Ellie Wells tipped her head and pretended to be satisfied. She rearranged the pies in the rack and dusted her hands and went over to see how the sugar dispensers were. She’d bet fifteen dollars that man had never been here in all his life. She made a clucking sound.

“It’s a terrible time for him,” Callie said. There was a hint of reproach in her voice. “His house burned down, you know, and he lost his wife in the fire. It’s really just terrible.”

“The poor thing,” Ellie said. There she was, put in the wrong as usual. She’d never said it wasn’t terrible.

“Didn’t you know?” Callie said. She looked straight at her, as if daring her to lie.

“Why, no,” Ellie said, “I hadn’t heard.” She did feel sorry for him, she truly did, but she didn’t have to like it that he was here. A man like that might do something crazy at a time like this. It was just one of those things. She said, “How long is he staying?”

“Oh, just a day or so, I think,” Callie said. She bit her lip as if she’d like to be able to take back that “I think.”

Ellie met her daughter’s eyes just long enough to let her know she had her own opinions. Then she said, “Poor man.” Then: “And poor Henry. He’s so good to people.” She dropped it casually, as if it meant nothing whatever (what it did mean, as a matter of fact, was vague in her mind). She had all the sugar dispenser tops off now. She went back to the kitchen for the sugar jar, and again, in misery, she began to cluck.

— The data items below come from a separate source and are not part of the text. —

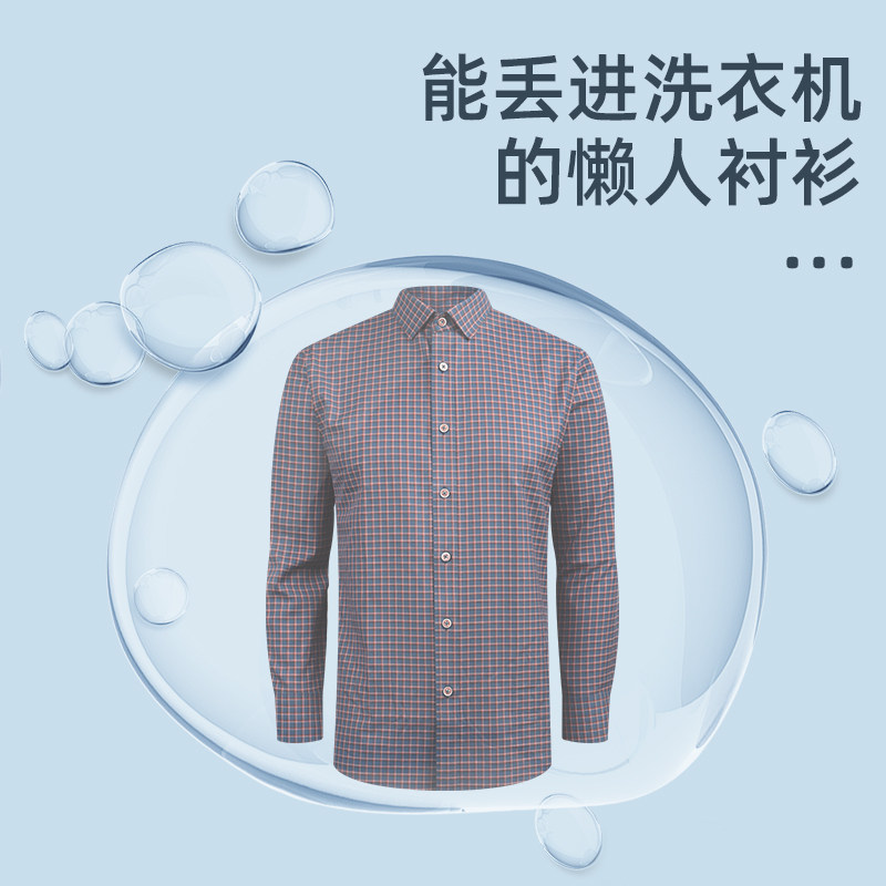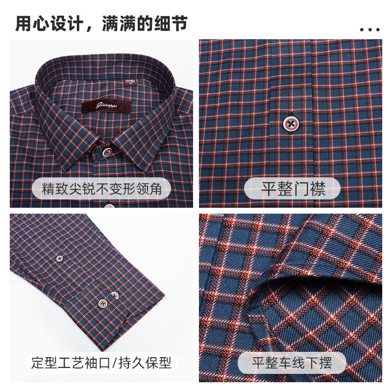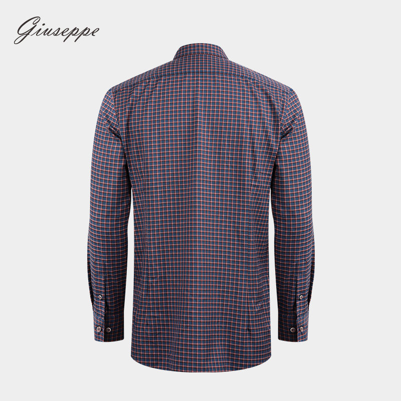 乔治白男士秋季橘白紫格子尖领长袖衬衫商务休闲上衣
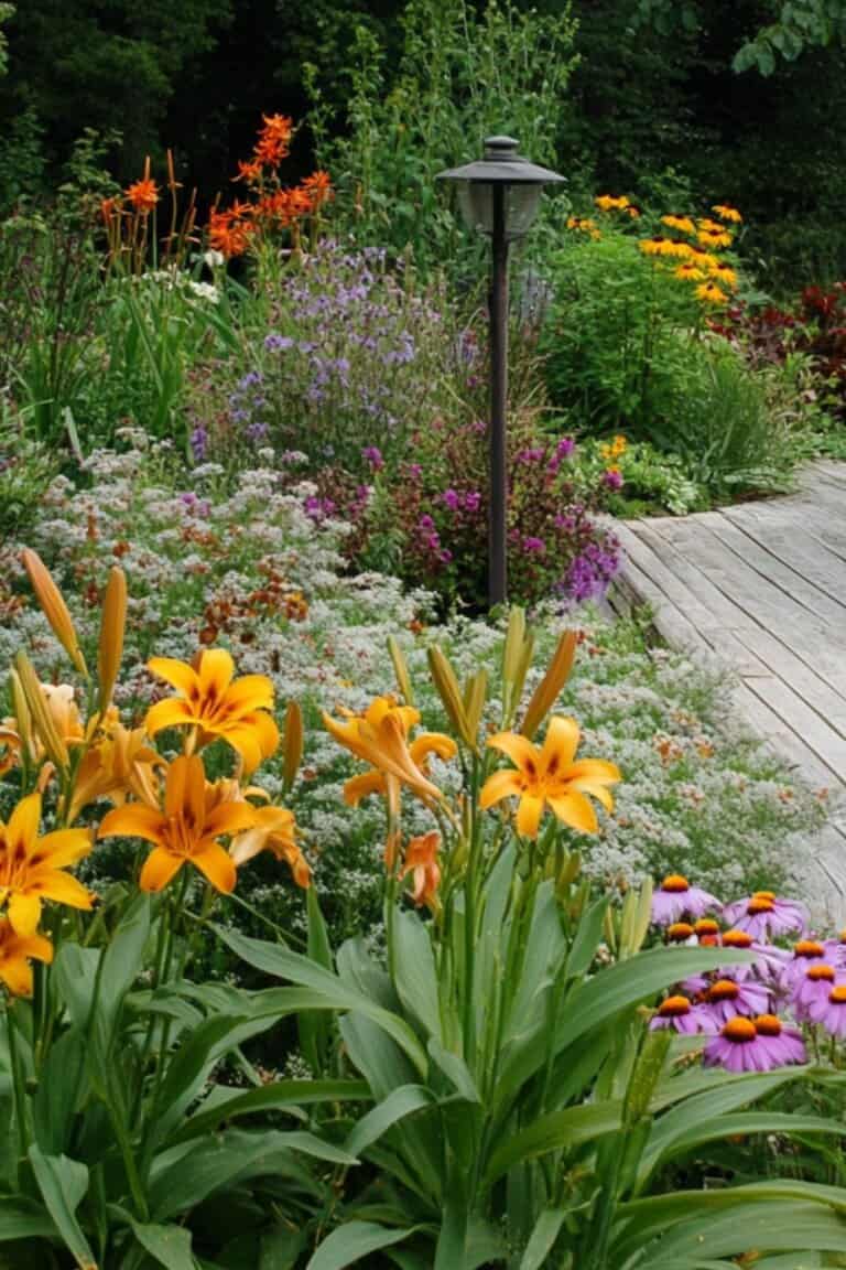 Just carve out a shallow border along one side of the deck, loosen the soil, and plant a few flowers that don’t need babysitting like daylilies, coneflowers, black-eyed Susans, and coreopsis.
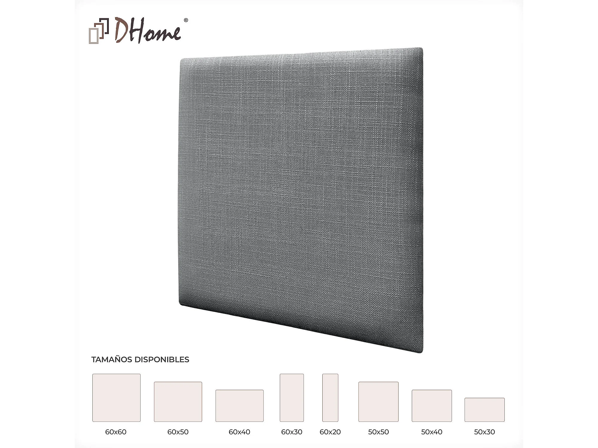 DHOME Set aus 6 mit Leinen gepolsterten selbstklebenden Paneelen für Wände - Schallabsorbierend, Stoßschutz, Kopfteil-Dekoration (Dunkelgrau, 50x50cm, x6)
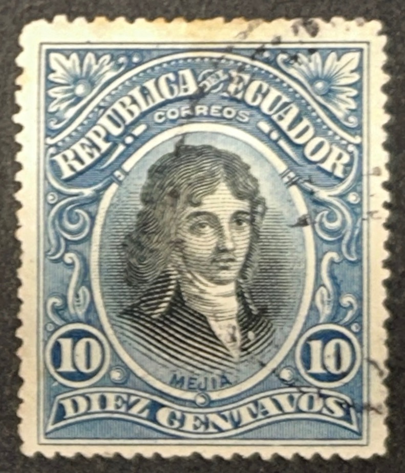 Sello Ecuador – Mejía – 10 Centavos Azul y Negro Usado.
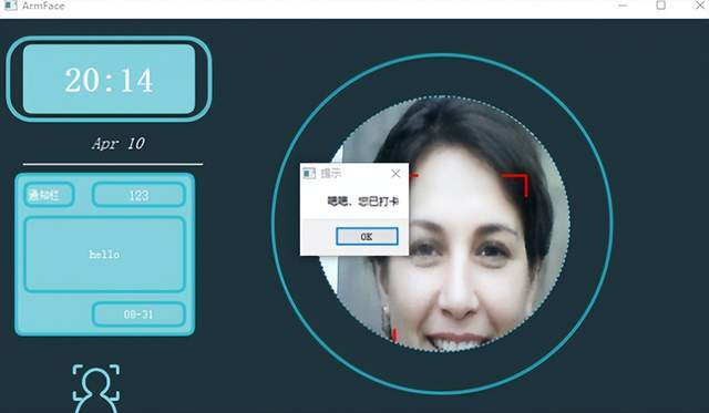 由于没有数据库,只能打印一些信息。当两个数据相等时就进入下一步,判断打卡了。由于没有数据库,就展示下电脑端的效果吧。
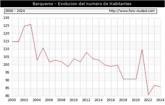 el numero de habitantes en Barqueros era de 86, 1 habitantes menos que el en el año 2023. En el grafico siguiente se puede ver cuantos habitantes tiene Barqueros a lo largo de los años.
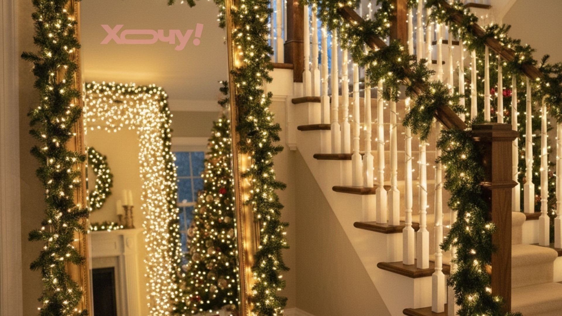 Якщо у вас є дзеркало на повний зріст, обплетіть його хвойною гірляндою (штучною або живою). Це подвоїть кількість вогників у кімнаті завдяки відображенню. Також вогниками можна обплести баляси на сходах.
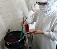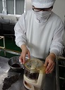 土用干しで干して乾燥した赤じそをミキサーにかけて細かくし、赤じその風味を出すためにフライパンで炒って加熱しました。それをしらすを入れて炊いたご飯に混ぜて、しらすゆかりご飯を作りました。牧中の自然の風味いっぱいのご飯になりました。
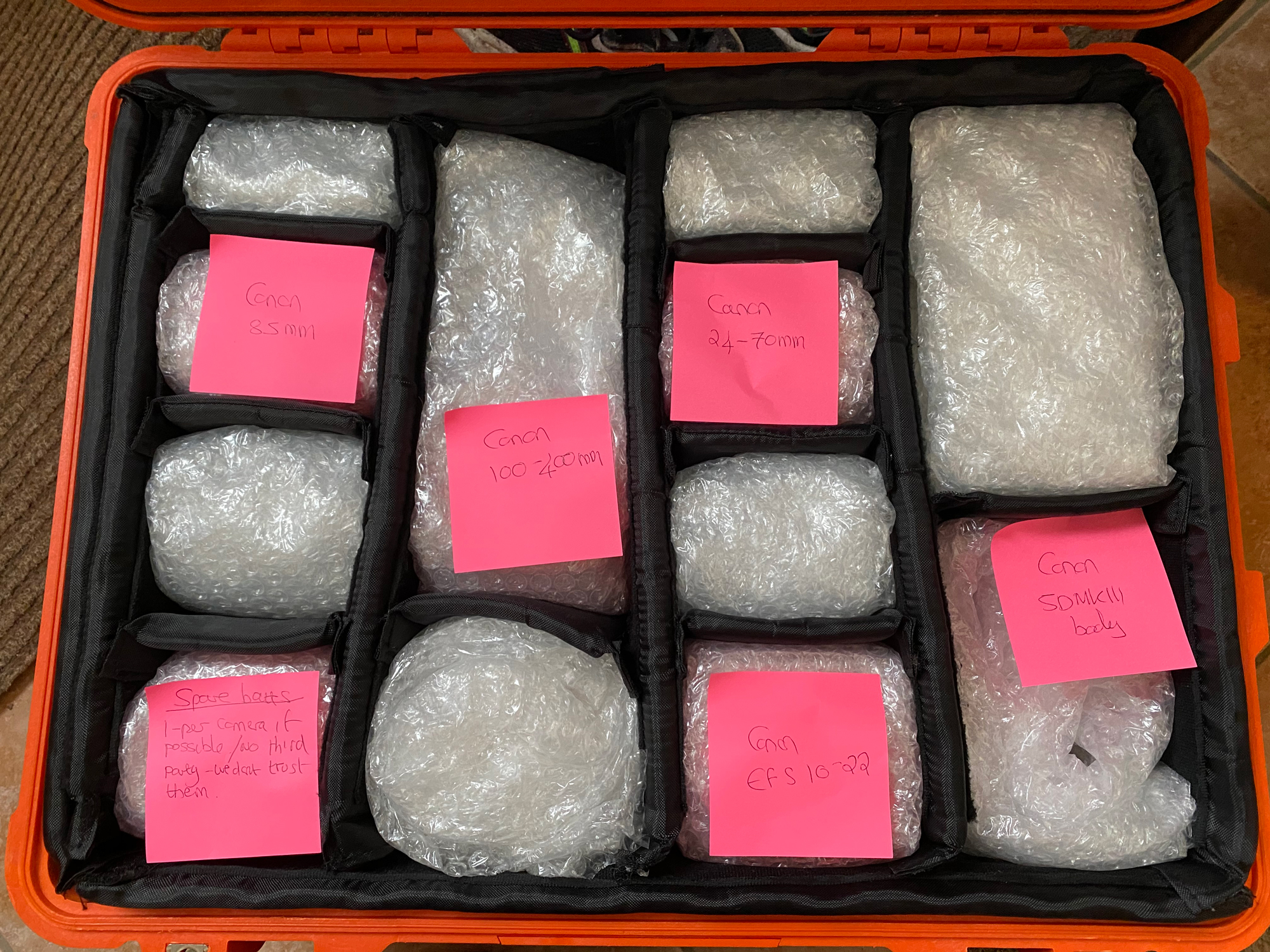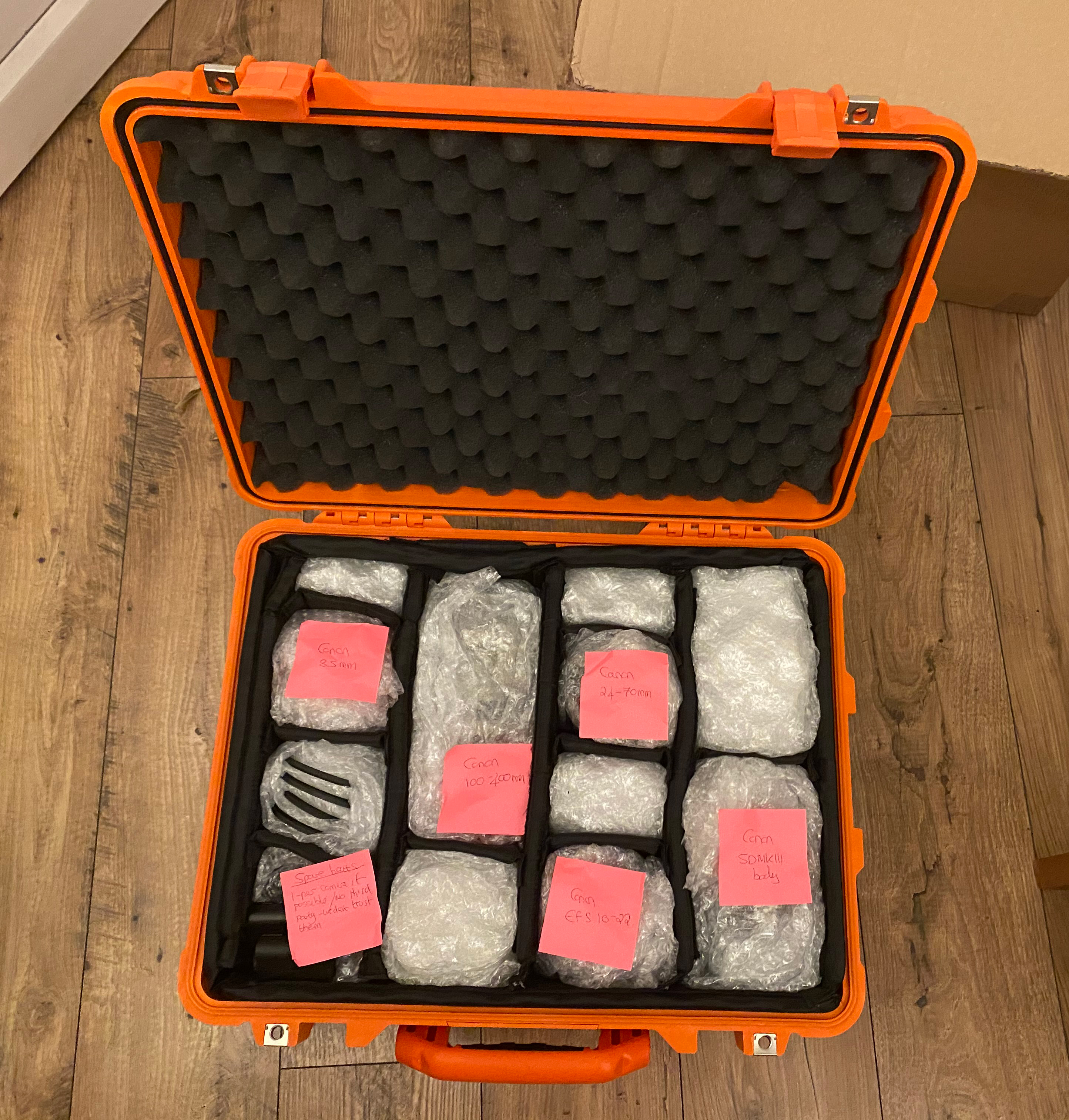 Everything is packaged really well and when you open up the Peli boxes it could not be easier. Everything is provided even where to put each of the products that you are returning so that the case is packaged evenly and everything is protected as well as it can be. All you need to do is wrap the camera’s, lenses and batteries up in the bubble wrap, close up the Peli boxes. Put back into the cardboard box and seal up ready to return. You are even provided with the tape to seal up the boxes.
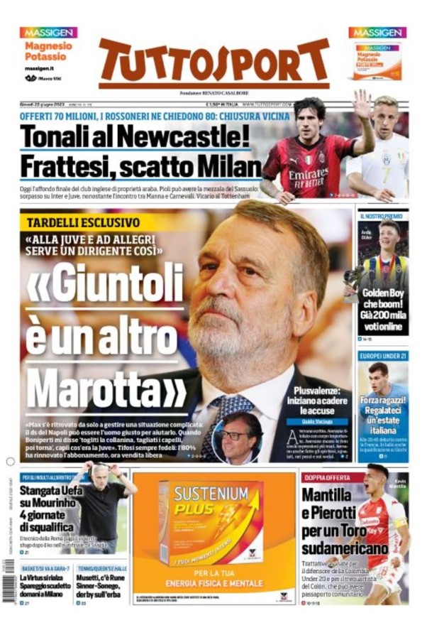 La redazione di tifocosenza.it propone ai lettori le prime pagine dei tre quotidiani sportivi in edicola oggi, giovedì 22 giugno 2023. Di seguito le prime di La Gazzetta dello Sport, Corriere dello Sport e TuttoSport. Buona visione.
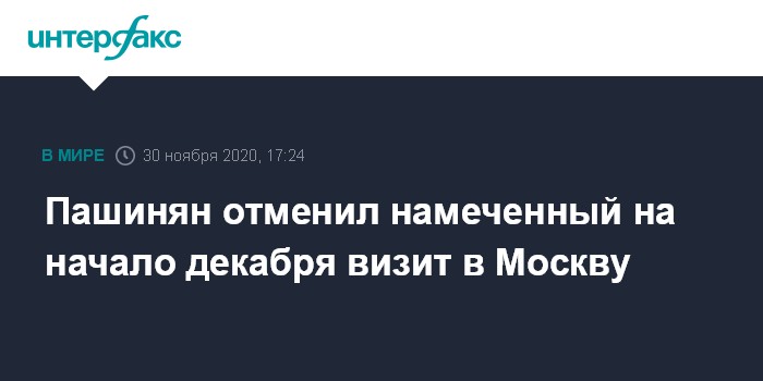 Москва. 30 ноября. INTERFAX.RU - Премьер-министр Армении Никол Пашинян не поедет в Москву в начале декабря, сообщили "Интерфаксу" в правительстве страны.
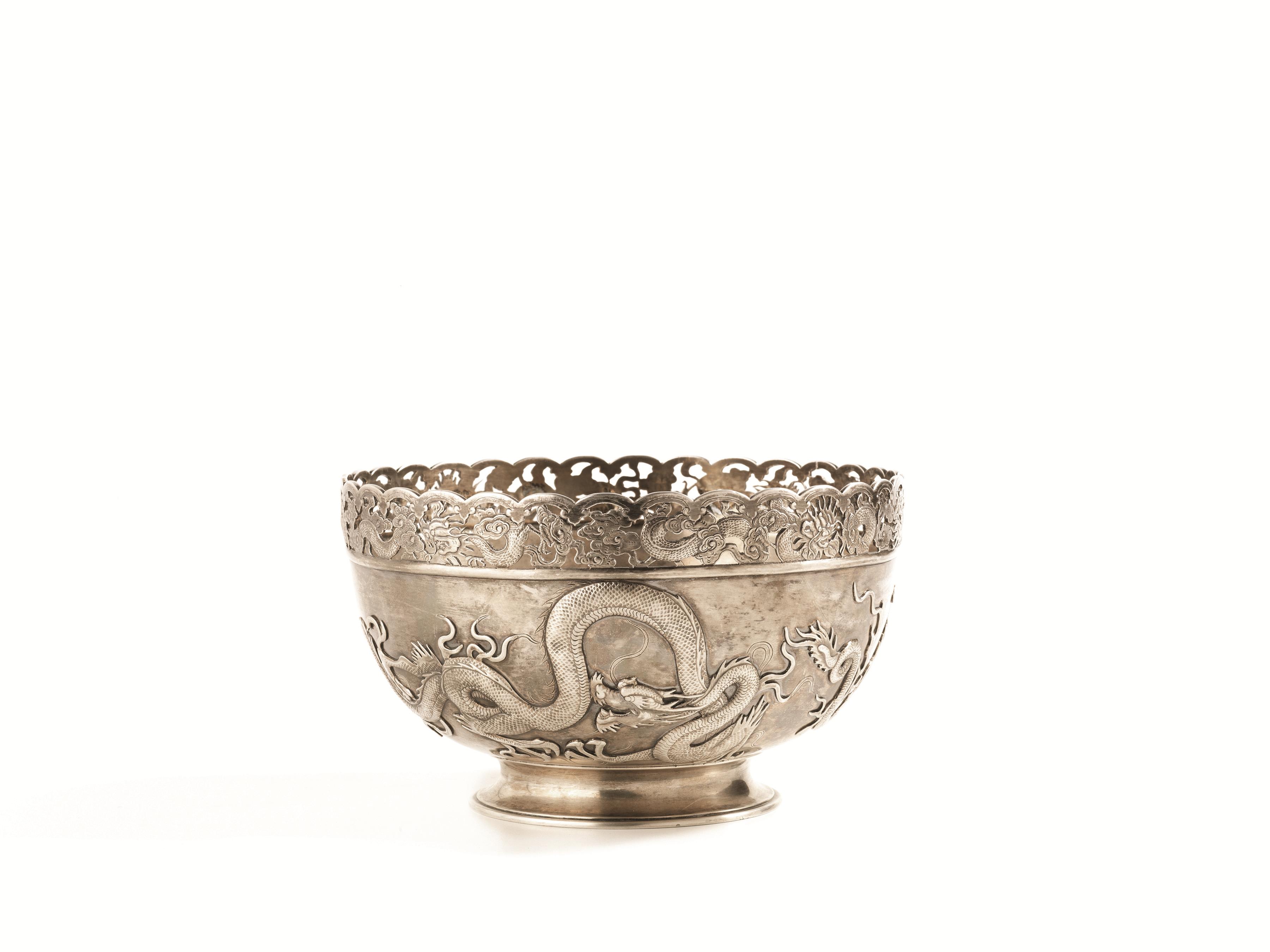 in argento finemente cesellato, con motivi di draghi che si rincorrono e il bordo lavorato al traforo, diam. cm 21, g. 836
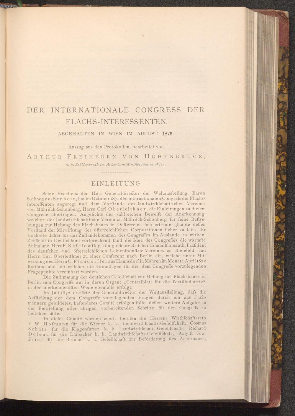 Seine Excellenz der Herr Generaldirector der Weltausftellung, Baron Schwarz- Senborn, hat im October 1871 den internationalen Congrefs der Flachsintereffenten angeregt und dem Vorftande des landwirthschaftlichen Vereines von Mährifch- Schönberg, Herrn Carl Oberleithner, die Einleitungen zu diefem Congreffe übertragen. Angefichts der zahlreichen Beweife der Anerkennung, welcher der landwirthfchaftliche Verein zu Mährifch- Schönberg für feine Beftrebungen zur Hebung des Flachsbaues in Oefterreich fich erfreute, glaubte deffen Vorftand der Mitwirkung der öfterreichifchen Corporationen ficher zu fein. Er trachtete daher für das Zuftandekommen des Congreffes im Auslande zu wirken. Zunächft in Deutfchland vorfprechend fand die Idee des Congreffes die wärmfte Aufnahme. Herr F. Kafelowfky, königlich preufsifcher Commiffionsrath, Präfident des deutfchen und öfterreichifchen Leineninduftrie- Vereines zu Bielefeld, lud Herrn Carl Oberleithner zu einer Conferenz nach Berlin ein, welche unter Mitwirkung des Herrn C. Flandorffer aus Hannsdorf in Mähren im Monate April 1872 ftattfand und bei welcher die Grundlagen für die dem Congreffe vorzulegenden Fragepunkte vereinbart wurden.
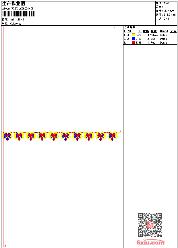 - emb花版参数: 大小:43.00 KB / 尺寸:338*26[毫米] / 针数:8942针 / 线色:3 / 格式:emb / 版本:9
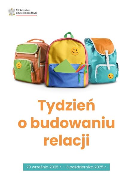Nasze przedszkole bierze udział w Tygodniu Budowania Relacji - inicjatywie rekomendowanej przez Ministra Edukacji Narodowej, który odbędzie się w dniach od 29 września do 3 października 2025 r.
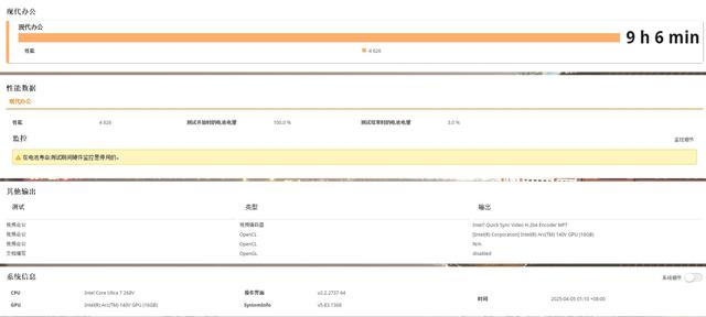 作为商务向的产品,戴尔Pro 14 Premium的续航能力值得关注。UL Procyon一小时Office办公测试掉电量仅为9%,表现还是相当不错的。PCMark 10办公模式续航测试为9小时6分钟,满足一天不插电续航没有太大问题。
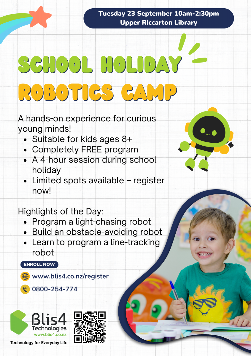 #RoboticsWorkshop #FreeEvent #SchoolHolidayActivities #ChristchurchKids #STEMforKids #Blis4Technologies #FutureEngineers #UpperRiccartonLibrary #Robotics #BLIS4 #SchoolHoliday #STEAM

Doc Cathey came in a little after that and asked where Simon Bale was (straight to the point, as usual; no “How do you do” or “Nice weather we’re having”—nothing), and when she pointed to the bench in the garden Doc Cathey nodded, scowling, and went out to him. The next time she looked out the window Doc Cathey and Simon and Jimmy were all gone from sight. They’d gone on into the house, most likely. She wondered what Doc Cathey was doing here — up to no good, she was pretty sure — and it so puzzled her she forgot to smile at the customers for maybe five full minutes. She forgot, too, to listen to what the customers were saying among themselves, until finally it came to her that all they could seem to talk about, at least the people who lived around here, was the fire. Someone said, “They say he set it himself,” and she was so startled she nearly dropped her tray of salt shakers. It’s possible, she thought, and it was as if it had been in her mind all the while: It truly is possible. All at once she was so frightened that she had to sit down a minute till she’d caught her breath.